— Видел, Савка, видел! Ты молодец! Самый настоящий молодец! — махал ему Андрюша с дерева, радуясь от души за друга.
— Я еще, еще хочу…
Савелий стоял перед заколоченной крест-накрест калиткой, и тяжелое предчувствие охватило его, защемило сердце. Он оглянулся вокруг, словно в поисках помощи и заметил согбенную под тяжестью лет сухонькую старушку. Одной рукой она опиралась на суковатую палку, а другой несла полную авоську с продуктами из сельмага.

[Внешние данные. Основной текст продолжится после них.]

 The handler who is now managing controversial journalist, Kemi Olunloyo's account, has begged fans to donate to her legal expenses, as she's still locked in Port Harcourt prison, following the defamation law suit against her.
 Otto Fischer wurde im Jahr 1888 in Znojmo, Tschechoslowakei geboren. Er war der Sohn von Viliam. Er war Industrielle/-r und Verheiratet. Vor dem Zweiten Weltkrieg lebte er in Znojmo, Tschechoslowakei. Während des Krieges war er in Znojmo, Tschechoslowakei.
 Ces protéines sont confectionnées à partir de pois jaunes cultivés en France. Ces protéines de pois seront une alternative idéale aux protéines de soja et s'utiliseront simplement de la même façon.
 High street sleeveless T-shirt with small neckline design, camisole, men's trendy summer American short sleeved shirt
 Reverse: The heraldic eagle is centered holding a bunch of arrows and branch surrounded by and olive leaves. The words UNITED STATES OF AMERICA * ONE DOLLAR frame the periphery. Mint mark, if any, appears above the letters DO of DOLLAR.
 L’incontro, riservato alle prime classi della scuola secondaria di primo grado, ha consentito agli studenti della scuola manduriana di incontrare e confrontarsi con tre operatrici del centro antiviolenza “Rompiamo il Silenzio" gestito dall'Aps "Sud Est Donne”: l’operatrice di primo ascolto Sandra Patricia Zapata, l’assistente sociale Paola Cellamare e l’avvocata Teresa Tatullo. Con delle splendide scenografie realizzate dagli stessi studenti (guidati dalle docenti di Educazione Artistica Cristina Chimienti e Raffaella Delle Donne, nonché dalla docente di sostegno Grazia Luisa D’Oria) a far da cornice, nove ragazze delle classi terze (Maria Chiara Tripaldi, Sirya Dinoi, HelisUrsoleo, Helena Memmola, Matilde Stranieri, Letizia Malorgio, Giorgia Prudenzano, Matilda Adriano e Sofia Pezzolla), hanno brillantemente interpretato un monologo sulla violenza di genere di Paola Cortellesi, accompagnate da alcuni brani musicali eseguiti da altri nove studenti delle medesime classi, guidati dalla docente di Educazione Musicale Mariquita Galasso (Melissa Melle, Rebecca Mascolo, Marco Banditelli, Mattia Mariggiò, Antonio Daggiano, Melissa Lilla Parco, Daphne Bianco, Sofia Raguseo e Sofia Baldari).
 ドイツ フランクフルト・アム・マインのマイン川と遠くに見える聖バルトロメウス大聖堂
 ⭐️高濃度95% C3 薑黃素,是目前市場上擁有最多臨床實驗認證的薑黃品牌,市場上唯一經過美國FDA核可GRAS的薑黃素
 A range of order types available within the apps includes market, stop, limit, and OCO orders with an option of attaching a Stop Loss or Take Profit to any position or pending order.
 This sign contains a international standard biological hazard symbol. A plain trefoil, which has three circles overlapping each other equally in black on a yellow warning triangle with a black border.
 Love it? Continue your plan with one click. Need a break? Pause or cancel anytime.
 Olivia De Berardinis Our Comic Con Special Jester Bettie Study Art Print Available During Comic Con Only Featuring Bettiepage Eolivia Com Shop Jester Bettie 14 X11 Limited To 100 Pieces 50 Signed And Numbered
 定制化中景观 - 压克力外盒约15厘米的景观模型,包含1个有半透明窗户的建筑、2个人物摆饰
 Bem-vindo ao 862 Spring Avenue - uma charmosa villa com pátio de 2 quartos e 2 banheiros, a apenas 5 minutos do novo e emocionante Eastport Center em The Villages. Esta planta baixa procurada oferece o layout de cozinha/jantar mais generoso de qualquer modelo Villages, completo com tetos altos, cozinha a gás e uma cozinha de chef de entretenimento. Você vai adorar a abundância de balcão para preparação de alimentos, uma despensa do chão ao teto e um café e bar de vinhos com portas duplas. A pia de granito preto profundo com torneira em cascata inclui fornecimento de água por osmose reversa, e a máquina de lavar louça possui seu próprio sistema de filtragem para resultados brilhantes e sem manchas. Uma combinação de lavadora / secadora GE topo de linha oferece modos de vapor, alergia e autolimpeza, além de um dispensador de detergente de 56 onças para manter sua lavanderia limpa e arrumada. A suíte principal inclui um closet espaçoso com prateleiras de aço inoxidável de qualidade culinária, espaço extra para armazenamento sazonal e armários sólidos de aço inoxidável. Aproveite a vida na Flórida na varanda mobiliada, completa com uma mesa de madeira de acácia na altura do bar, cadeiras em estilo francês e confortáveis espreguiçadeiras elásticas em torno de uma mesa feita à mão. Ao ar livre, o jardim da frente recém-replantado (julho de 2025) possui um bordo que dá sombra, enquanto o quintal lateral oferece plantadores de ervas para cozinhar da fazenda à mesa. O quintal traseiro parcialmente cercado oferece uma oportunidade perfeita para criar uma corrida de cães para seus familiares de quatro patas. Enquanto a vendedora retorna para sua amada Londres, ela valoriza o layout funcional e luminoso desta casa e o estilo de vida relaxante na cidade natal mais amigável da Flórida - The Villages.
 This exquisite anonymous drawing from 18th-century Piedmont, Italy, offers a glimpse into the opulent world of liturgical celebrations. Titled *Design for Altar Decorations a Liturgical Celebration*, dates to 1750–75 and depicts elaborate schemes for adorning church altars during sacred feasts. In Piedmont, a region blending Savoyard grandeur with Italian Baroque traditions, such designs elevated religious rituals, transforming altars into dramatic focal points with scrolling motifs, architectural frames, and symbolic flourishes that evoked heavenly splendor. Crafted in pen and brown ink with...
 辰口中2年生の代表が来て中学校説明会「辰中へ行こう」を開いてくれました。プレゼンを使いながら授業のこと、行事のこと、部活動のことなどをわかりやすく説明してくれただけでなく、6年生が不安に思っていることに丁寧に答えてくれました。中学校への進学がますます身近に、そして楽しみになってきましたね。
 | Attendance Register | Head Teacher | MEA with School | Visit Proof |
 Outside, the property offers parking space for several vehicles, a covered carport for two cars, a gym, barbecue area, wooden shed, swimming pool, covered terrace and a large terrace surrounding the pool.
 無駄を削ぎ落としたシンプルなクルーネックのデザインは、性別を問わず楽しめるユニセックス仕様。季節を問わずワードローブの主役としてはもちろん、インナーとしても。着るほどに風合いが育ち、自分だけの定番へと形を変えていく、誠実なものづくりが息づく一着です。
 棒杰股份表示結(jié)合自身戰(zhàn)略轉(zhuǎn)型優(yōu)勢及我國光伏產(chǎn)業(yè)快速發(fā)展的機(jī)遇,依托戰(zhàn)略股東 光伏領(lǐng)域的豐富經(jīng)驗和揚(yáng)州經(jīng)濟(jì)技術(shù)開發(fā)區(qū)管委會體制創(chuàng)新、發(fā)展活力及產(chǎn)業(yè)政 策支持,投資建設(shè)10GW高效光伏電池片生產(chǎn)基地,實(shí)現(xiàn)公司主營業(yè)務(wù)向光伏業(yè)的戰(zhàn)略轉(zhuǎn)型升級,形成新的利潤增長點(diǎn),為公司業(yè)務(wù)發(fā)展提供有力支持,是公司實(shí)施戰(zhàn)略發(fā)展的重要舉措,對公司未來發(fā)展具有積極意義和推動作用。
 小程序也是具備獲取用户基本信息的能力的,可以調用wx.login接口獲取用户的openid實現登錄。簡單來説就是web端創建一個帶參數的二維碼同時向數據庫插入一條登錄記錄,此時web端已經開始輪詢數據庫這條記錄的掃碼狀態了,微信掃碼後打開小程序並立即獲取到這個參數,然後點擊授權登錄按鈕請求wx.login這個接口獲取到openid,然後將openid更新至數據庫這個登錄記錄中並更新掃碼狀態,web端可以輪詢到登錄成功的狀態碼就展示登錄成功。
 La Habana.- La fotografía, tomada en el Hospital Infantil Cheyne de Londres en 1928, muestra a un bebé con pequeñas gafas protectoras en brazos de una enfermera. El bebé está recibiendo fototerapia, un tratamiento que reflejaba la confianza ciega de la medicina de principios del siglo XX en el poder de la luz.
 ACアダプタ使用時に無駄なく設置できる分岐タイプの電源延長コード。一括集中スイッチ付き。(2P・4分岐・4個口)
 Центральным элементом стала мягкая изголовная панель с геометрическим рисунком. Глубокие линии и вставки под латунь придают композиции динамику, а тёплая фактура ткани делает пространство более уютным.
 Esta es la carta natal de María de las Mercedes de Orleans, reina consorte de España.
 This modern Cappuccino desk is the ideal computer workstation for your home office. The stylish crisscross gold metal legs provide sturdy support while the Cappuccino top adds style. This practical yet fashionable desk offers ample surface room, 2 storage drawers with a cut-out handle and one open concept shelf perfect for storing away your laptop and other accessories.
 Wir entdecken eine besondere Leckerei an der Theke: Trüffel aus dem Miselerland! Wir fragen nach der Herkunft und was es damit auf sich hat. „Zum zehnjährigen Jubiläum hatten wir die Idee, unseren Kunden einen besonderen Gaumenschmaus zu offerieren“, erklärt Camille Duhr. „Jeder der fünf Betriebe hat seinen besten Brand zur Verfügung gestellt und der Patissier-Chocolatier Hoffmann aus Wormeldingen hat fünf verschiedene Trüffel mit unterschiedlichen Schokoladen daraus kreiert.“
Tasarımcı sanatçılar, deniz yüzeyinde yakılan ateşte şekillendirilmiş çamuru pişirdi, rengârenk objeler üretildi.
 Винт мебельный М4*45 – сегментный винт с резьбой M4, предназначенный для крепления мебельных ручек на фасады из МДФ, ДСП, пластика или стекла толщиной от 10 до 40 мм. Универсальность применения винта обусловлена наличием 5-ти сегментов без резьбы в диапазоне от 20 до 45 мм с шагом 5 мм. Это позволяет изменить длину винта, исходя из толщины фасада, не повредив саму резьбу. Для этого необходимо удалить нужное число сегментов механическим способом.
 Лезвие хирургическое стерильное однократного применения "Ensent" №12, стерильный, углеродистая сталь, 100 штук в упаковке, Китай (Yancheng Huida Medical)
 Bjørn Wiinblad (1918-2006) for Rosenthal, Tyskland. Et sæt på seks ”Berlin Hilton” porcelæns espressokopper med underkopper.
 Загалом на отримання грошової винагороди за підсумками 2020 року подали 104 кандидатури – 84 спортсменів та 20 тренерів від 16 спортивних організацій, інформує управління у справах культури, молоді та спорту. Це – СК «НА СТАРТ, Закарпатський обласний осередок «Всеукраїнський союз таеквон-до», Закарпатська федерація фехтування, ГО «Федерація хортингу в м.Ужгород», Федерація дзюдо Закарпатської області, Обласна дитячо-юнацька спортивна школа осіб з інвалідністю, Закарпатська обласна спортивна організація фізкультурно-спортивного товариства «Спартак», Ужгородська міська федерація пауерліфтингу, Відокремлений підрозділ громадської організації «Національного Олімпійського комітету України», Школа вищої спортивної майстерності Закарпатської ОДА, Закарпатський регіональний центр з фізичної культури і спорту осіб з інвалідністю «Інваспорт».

— Здравствуйте, бабушка! Давайте помогу вам! — Савелий взял у нее сетку и пошел рядом.
— Вот спасибо, милой. Совсем упарилась: на автобус-то припозднилась и тащусь на ногах-то, — она не жаловалась, а просто ворчала вслух по привычке, потом пристально взглянула на Савелия. — Чтой-то не признаю тебя, милой?!
— А вы давно здесь живете?
— Давно не давно, а, почитай цельну жисть. И чей ты будешь? Не сродственник ли Вороновых? У ихнего дома, вижу, стоял.
— А вы Андрея Воронова давно видели? — с волнением спросил Савелий, словно не слыша ее вопроса.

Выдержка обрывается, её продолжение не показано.